Es ist nicht nur die Vernachlässigung der Werbung vor Ort, die Großbritannien in der Vergangenheit „sniffy gegenüber der Konkurrenz“ erscheinen ließ, meint Mawson. Der Mangel an ausgegebenem Geld ist ebenfalls ein Faktor – etwas, das aus unseren zuvor wenig überzeugenden Bühnenshows hervorgeht. Dieses Jahr wird jedoch „spektakulär“, bestätigt Mawson, dank einer vierfachen Budgeterhöhung, die von Ryders Label Parlophone geliefert wird.

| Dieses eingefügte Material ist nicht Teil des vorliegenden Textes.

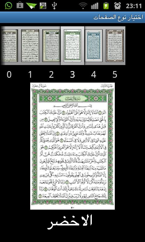 This application will install green pages with borders for Al Quran Al Kareem application.
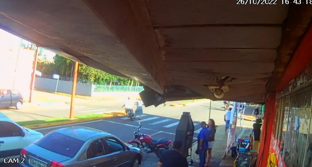 Após atropelar a idosa o motociclista evadiu-se do local sem prestar socorro, imagens de câmeras de segurança gravaram o acidente.

Es scheint auch eine neue Umarmung der Campness von Eurovision zu geben. Laut Ryder wird seine Inszenierung „spitz, schrill und metallisch“ sein. Sein Set weist eine riesige Metallstruktur auf – angeblich die größte Requisite im diesjährigen Wettbewerb. Plus: „Da ist auch viel Glitzer im Outfit – es ist Eurovision, da muss man hin.“

Jade Ewen trat 2009 auf – die letzte britische Kandidatin, die beim Eurovision Song Contest unter die ersten fünf kam. Foto: Oleg Nikishin/Getty Images

Millett und Mawson hoffen, dass dies „der Startpunkt für eine lange und erfolgreiche Karriere“ für Ryder sein wird, vielleicht sogar eine Nachahmung des enormen Erfolgs des italienischen Siegers Måneskin nach dem Wettkampf. (Die Glam-Rocker brachen die USA und erzielten zwei britische Top-10-Hits).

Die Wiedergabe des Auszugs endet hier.